Competition comes to Estonia with new wholesale fibre network build
- Elektrilevi rolling out open access network in Estonia
- Tele2 to enter fixed market, offering up to 1 Gbps services
- A dozen retail operators have signed up, more could follow
Tele2 has revealed that it will enter the fixed line market by offering fibre broadband services using the wholesale network currently being rolled out by electricity company Elektrilevi. And it's not the only one.
The Estonian market is set for an influx of competition. Tele2 said it will be one of two mobile operators to provide fibre-to-the-premises (FTTP) services in the entire area covered by Elektrilevi's network, while the electricity company itself names a dozen service providers customers can choose from, depending on where they live.
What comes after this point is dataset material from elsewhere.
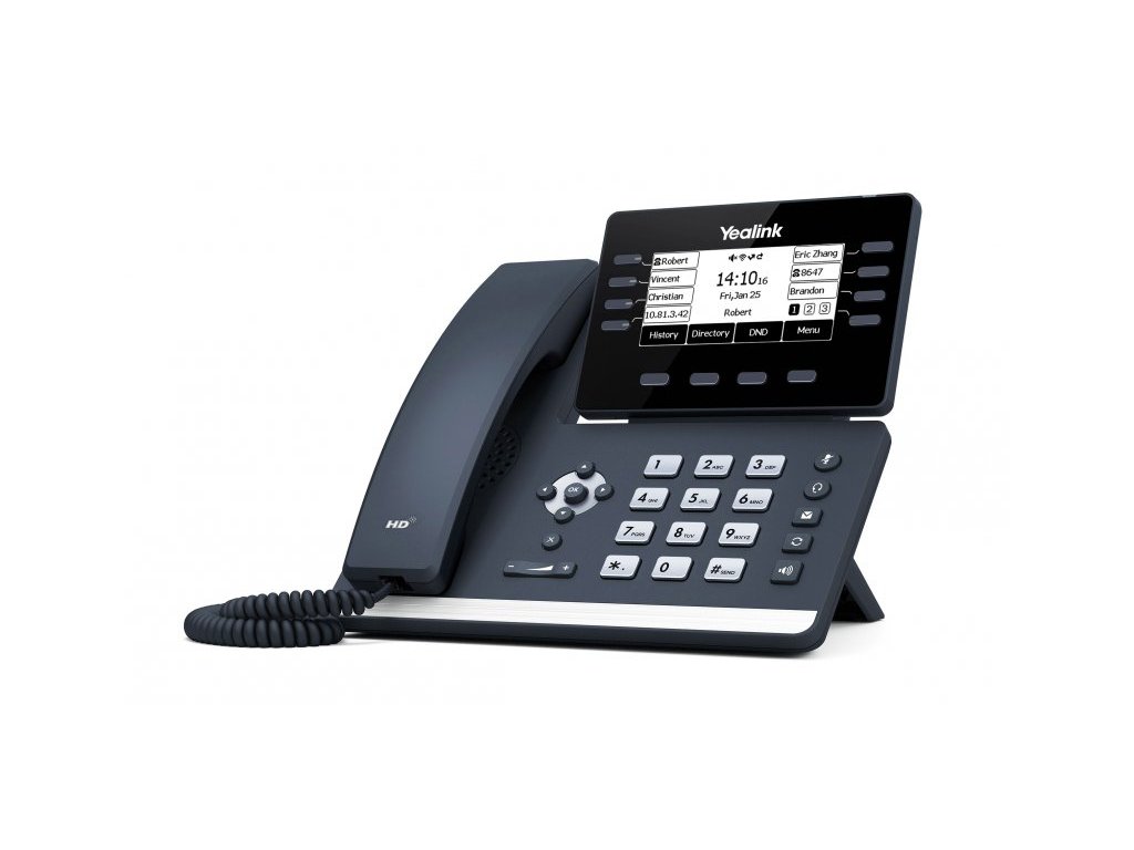 Telefon určený pro méně náročné manažery, kteří však požadují kvalitu, jednoduchou a rychlou obsluhu svého IP telefonu. 3,7" černobílý polohovatelný displej Vestavěné Bluetooth, Wi-Fi Duální gigabitový ethernetový port Technologie HD Voice s Yealink Acoustic Shield UBS port pro nahrávání hovorů Yealink T53W je určen pro všechny uživatele, kteří denně potřebují komunikovat s týmem, obchodními partnery či zákazníky. Telefon poskytuje pokročilé funkce pro telefonování, HD přenos zvuku a velkou flexibilitu. Telefony dávají podnikům všech velikostí velmi kvalitní, do budoucna trvalé a jedinečné řešení, které zvyšuje efektivitu komunikace a spolupráce za velice příznivou cenu. Telefon disponuje elegantním designem, velkým displejem s podsvícením a vysokým rozlišením. Plně nastavitelný displej poté splňuje potřeby sledování obrazovky v různých úhlech nebo za různých světelných podmínek. Skvělá kvalita zvuku je zajištěna díky technologii Yealink Acoustic Shield, která využívá více mikrofonů k vytvoření virtuálního "štítu" mezi reproduktorem a vnějším zdrojem zvuku. Při zapnutí této funkce dochází k blokování či ztlumení zvuků zvenčí, takže je vás na druhé straně zřetelně a dobře slyšet. Je tedy ideálním kandidátem do rušných a hlučných pracovních prostor, jako jsou call centra a kancelářské prostory. Zajímavým bonusem tohoto telefonu je možnost okamžitého sdílení obsahu s druhou stranou. Tato funkcionalita umožňuje rychlou diskuzi a urychluje rozhodování. Telefon podporuje kompatibilitu DECTových bezdrátových telefonů prostřednictvím donglu Yealink DD10K. Můžete si tak bezproblémově přepínat hovory mezi stolním telefonem a bezdrátovým telefonem na DECTové bázi. V zařízení také najdete vestavěný Bluetooth, Wi-Fi a USB 2.0 pro nahrávání hovorů nebo připojení bezdrátového USB headsetu. K telefonu také můžete připojit expanzní modul Yealink EXP50. USB rozhraní 2.0 Datová rozhraní Ethernet, WiFi, Bluetooth, USB Síťové služby Fixed IP, DHCP, PPPoE NAT Ano QoS 802.1p/q, DSCP Displej - typ Černobílý Displej - velikost 3,7 VoIP standardy SIP Počet SIP účtů 12 Hlasité telefonování (Hands-Free) Ano Vzdálené tel. seznamy XML, LDAP Volací funkce Přesměrování, Přidržení, přepojení Management web, telefon Diagnostika trace, syslog Příručky Český krátký návod Nastavení hlasitosti vyzvánění i hovoru Ano Zobrazení data a času Ano Čekající hovor (CW) AnoDodatočné parametre

Incumbent operator Telia is on the list, as is Elisa, both of which already offer fixed and mobile services in Estonia (full list here).
"Many people probably do not know that we have 12 different communications operators in Estonia. In fact, there are even more," said Elektrilevi chairman Jaanus Tiisvend last month. "We have mapped 36 different communications service operators in Estonia. In principle, they would all be able to start offering their services on the high-speed Internet network of Elektrilevi very easily, as well as possible new ones," he said.
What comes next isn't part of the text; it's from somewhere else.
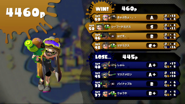 | Wasabi Splattershot | 50 | S | 8 / 11 < | 0.73 | 42.1% | |

There will be an average of between two and six different providers offering services over the network in areas billed for construction this year.
Elektrilevi's goal is to build out a high-speed Internet network to areas of Estonia which have not been viewed as economically viable so far. Work started a few weeks ago and it aims to reach 200,000 homes by the end of 2023. To date, 50,000 households have signed up for the service.
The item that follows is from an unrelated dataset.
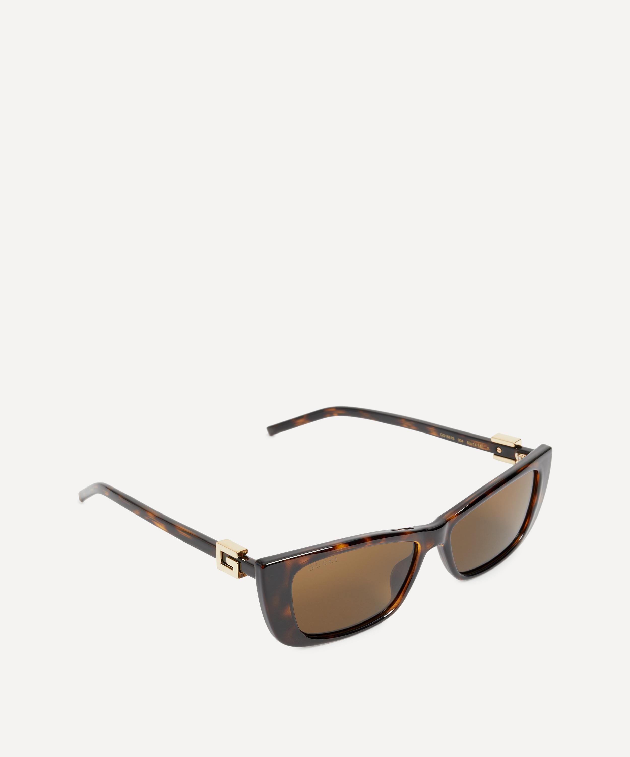 Crafted from glossy acetate, this elegant pair feature a cat-eye silhouette fitted with solid brown tinted lenses and slim temples, and are complete with a geometric rendition of the Italian fashion house's signature G logo for a modern finish.

The company will invest €100 million in the project over five years, including €20 million in state funding. It aims to generate some economies of scale by matching build-out with management of its electricity network.
The order of the build is governed by interest from would-be customers though. According to Tele2, Alutaguse, Jõelähtme, Mustvee and Valga will be the first areas in which network will roll out. It is advertising various broadband packages offering speeds between 100 Mbps and 1 Gbps and is inviting customers to register now. In addition to their chosen broadband package, customers are liable for €199 one-time subscription fee for access to the network.
When it first started talking about its plans for a shared network just under two years ago, Elektrilevi said it took inspiration from the electricity market, where it owns and operates the distribution network, but consumers can choose from around 20 service providers. But the model is not new in the telecoms space. It is already proving successful elsewhere in Europe.
Italy's Open Fiber is the best example. Three years ago energy company Enel shared plans to spend €2.5 billion rolling out a wholesale fibre network alongside its electricity infrastructure. It has since obtained billions more in funding and signed up a raft of service providers, including Vodafone, Wind Tre and Fastweb, and is currently in talks to merge its network with that of incumbent telco TIM.
There is no reason why a similar model would not prove successful in Estonia, where currently high-speed broadband is essentially limited to major urban centres. It has the potential to be a win-win for operators and consumers, the former because it enables them to extend their reach without costly network investment and the latter due to the expected influx of competition.
"In such a competition between operators, the customer is the biggest winner. It can be assumed that the quality of the service will develop for the customer and the price will become more favourable," said Elektrilevi's Tiisvend. "We saw this in our pilot area in Veskimetsa, Tallinn, where we built high-speed Internet network for about 600 potential users."